• YOUR INSTRUCTIONS
Images should be omitted while the rest of the data is duplicated exactly.

• SUPPLIED MATERIAL

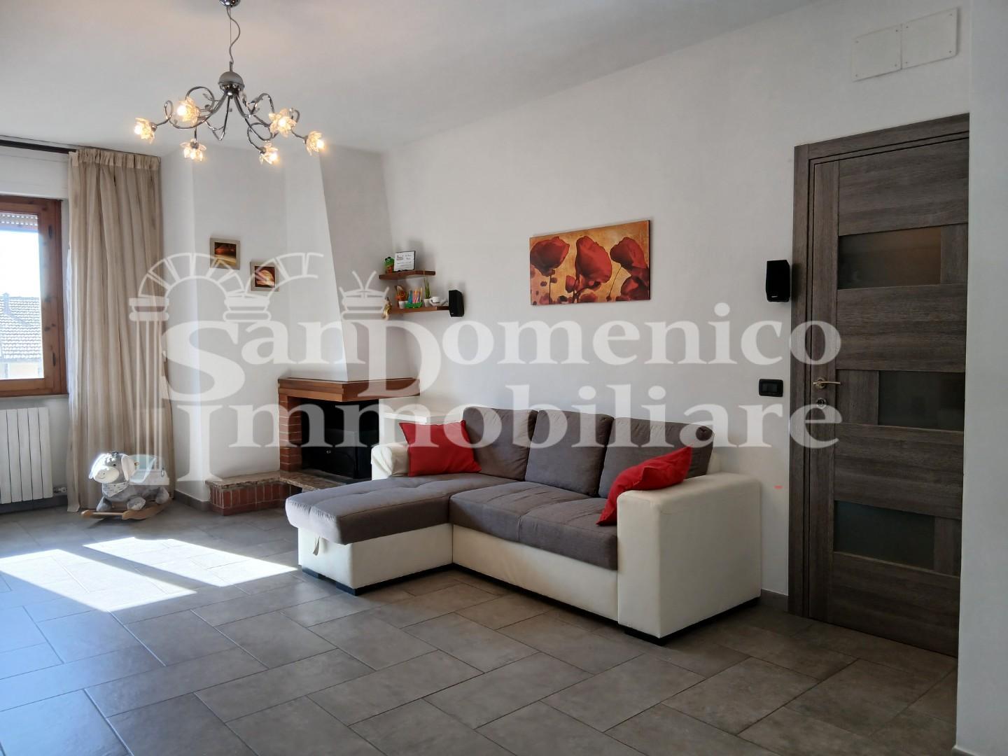 Al suo interno l'appartamento è composto da: ingresso, la cucina abitabile che offre uno spazio conviviale perfetto per pranzi e cene in famiglia, balcone verandato, spazioso soggiorno con camino, proseguendo troviamo il disimpegno che ci porta al reparto notte dove troviamo una camera matrimoniale, una camera media con balcone, ripostiglio e bagno con doccia e finestra.
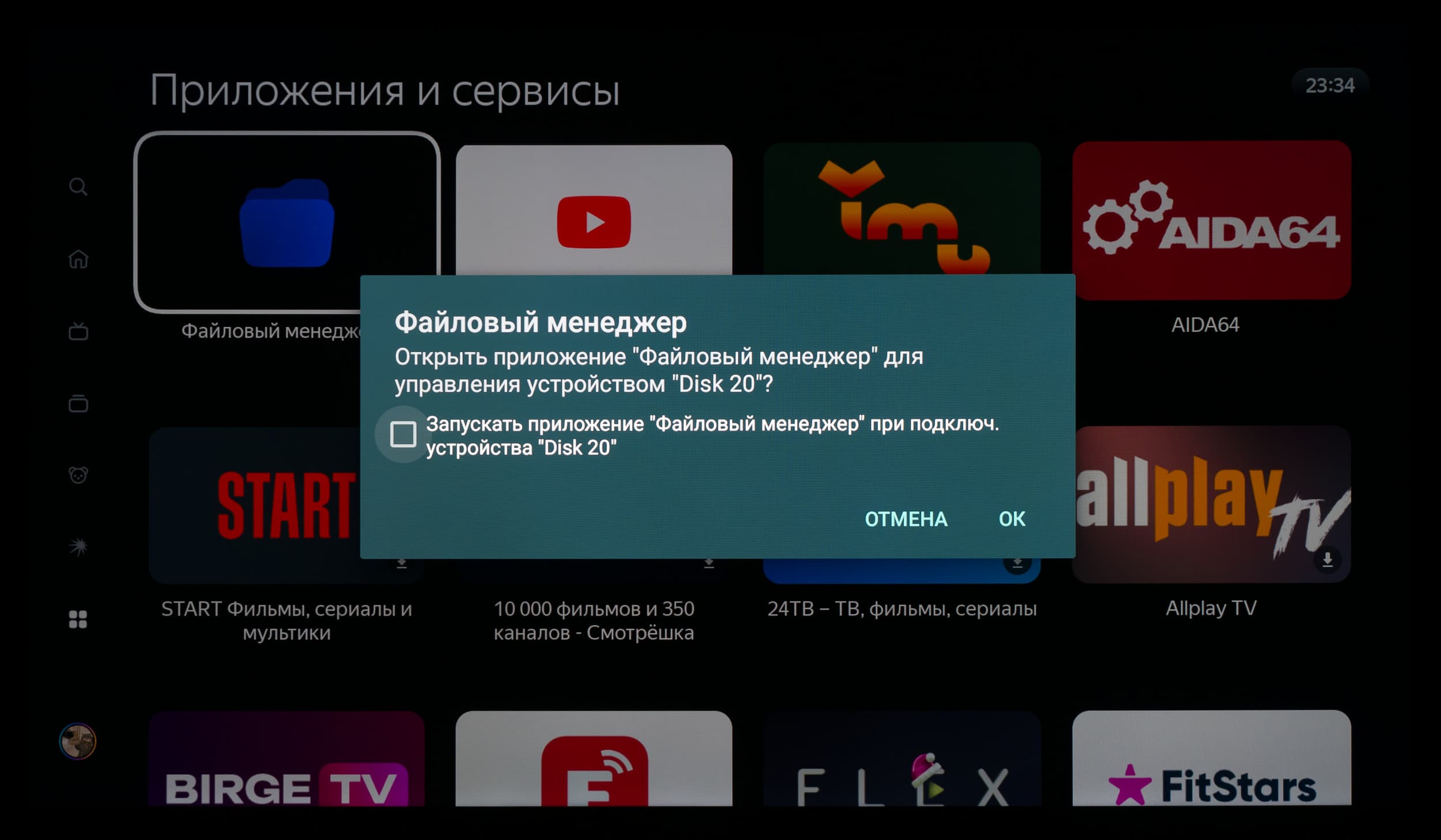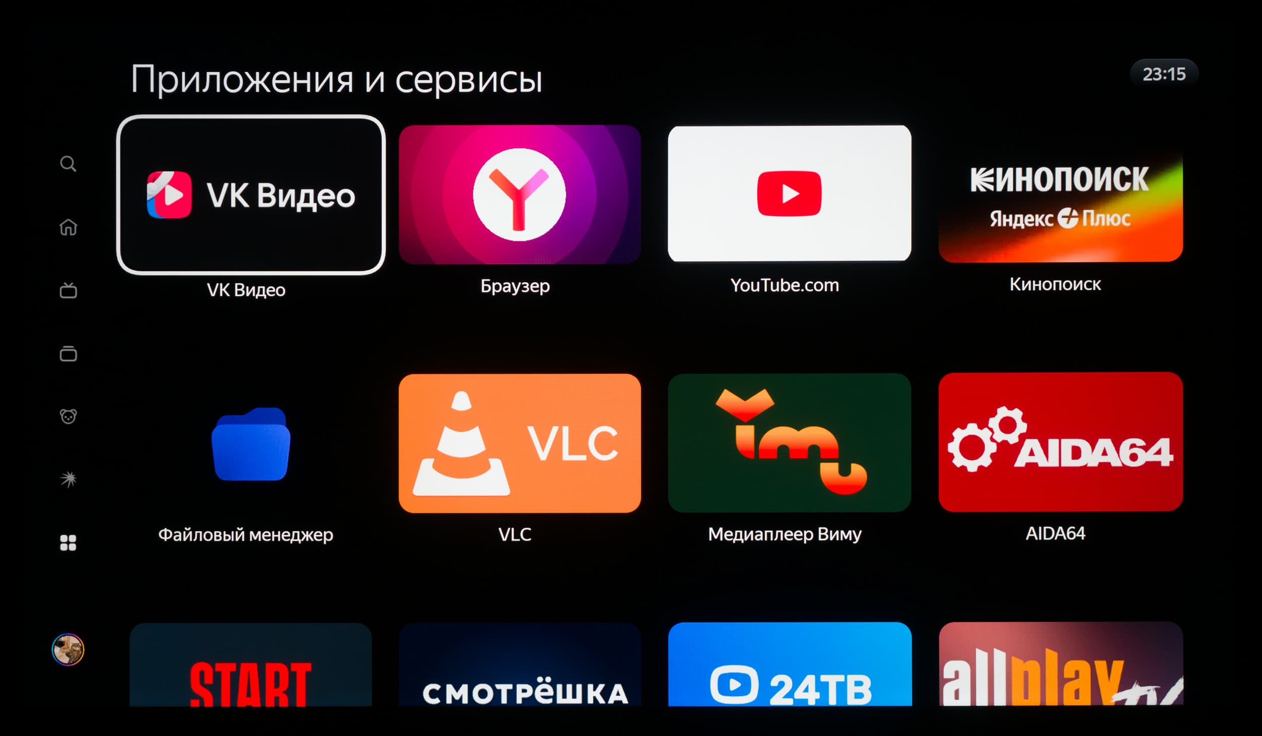 Если исключить системные, то на телевизоре предустановлены всего четыре приложения: «КиноПоиск», «Яндекс Браузер», «VK Видео», YouTube и «Файловый менеджер» (он же встроенный медиаплеер). Встроенный магазин приложений позволяет получить доступ к паре десятков популярных приложений. Также приложения, в том числе сторонние магазины, можно установить из файлов APK. Эти файлы можно записать на USB-носитель, чтобы затем установить их на телевизор с помощью уже установленного «Файлового менеджера», что мы и сделали, к примеру, для установки AIDA64.
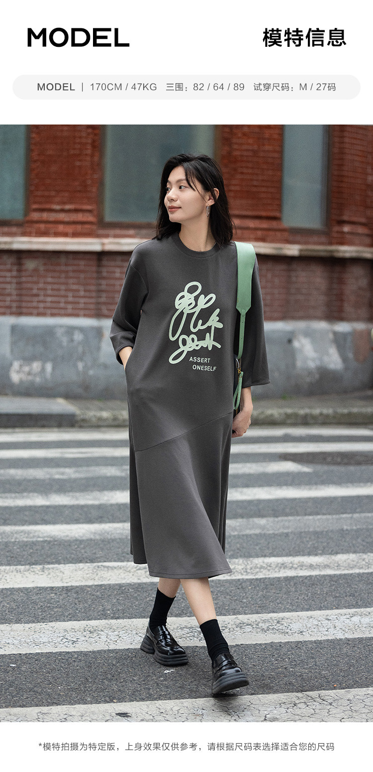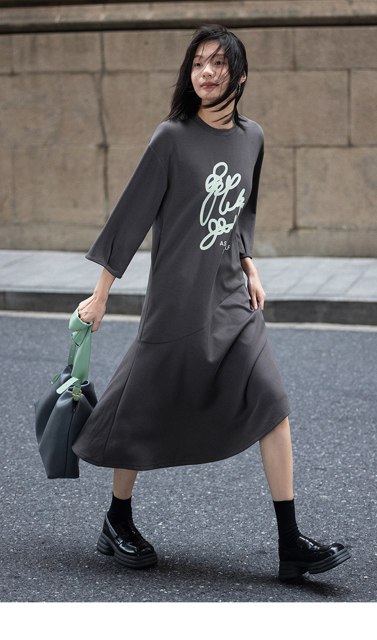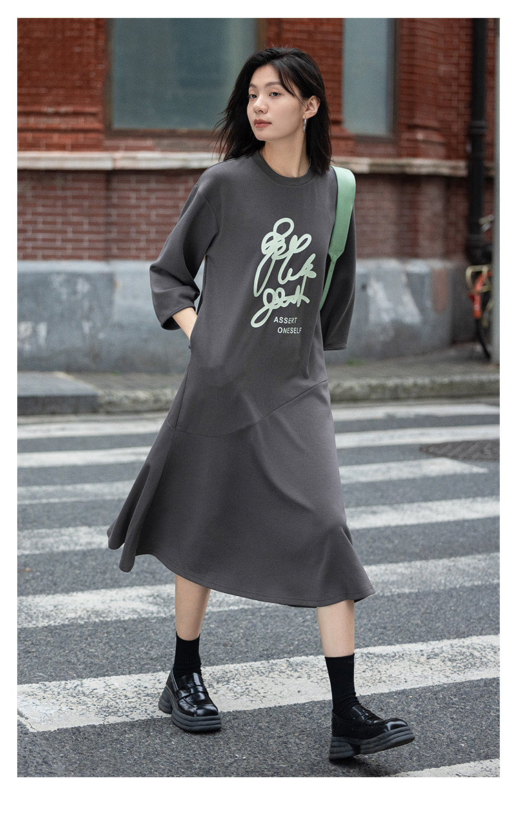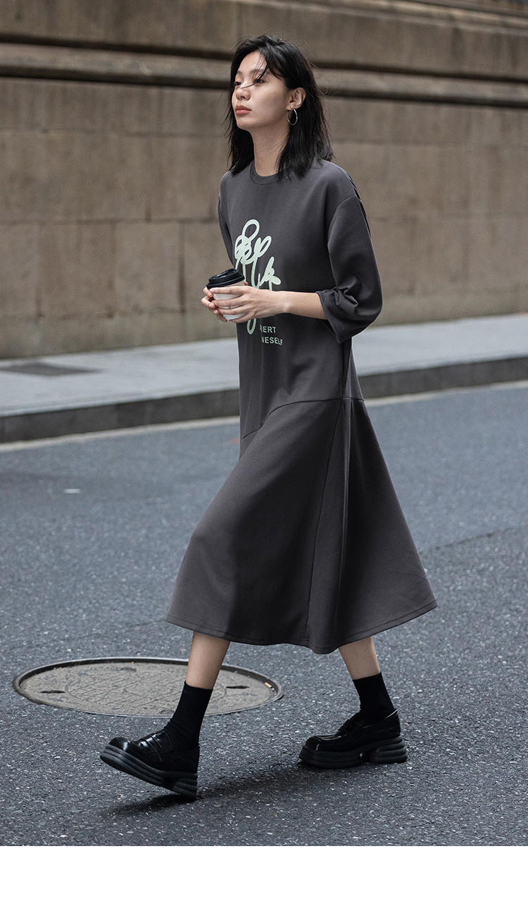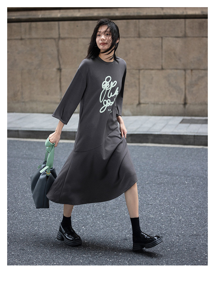 【印花涂鸦卫衣裙】秋慵懒出街圆领七分袖松弛休闲连衣裙 894722

• EXPECTED ANSWER
 Al suo interno l'appartamento è composto da: ingresso, la cucina abitabile che offre uno spazio conviviale perfetto per pranzi e cene in famiglia, balcone verandato, spazioso soggiorno con camino, proseguendo troviamo il disimpegno che ci porta al reparto notte dove troviamo una camera matrimoniale, una camera media con balcone, ripostiglio e bagno con doccia e finestra.
 Если исключить системные, то на телевизоре предустановлены всего четыре приложения: «КиноПоиск», «Яндекс Браузер», «VK Видео», YouTube и «Файловый менеджер» (он же встроенный медиаплеер). Встроенный магазин приложений позволяет получить доступ к паре десятков популярных приложений. Также приложения, в том числе сторонние магазины, можно установить из файлов APK. Эти файлы можно записать на USB-носитель, чтобы затем установить их на телевизор с помощью уже установленного «Файлового менеджера», что мы и сделали, к примеру, для установки AIDA64.
 【印花涂鸦卫衣裙】秋慵懒出街圆领七分袖松弛休闲连衣裙 894722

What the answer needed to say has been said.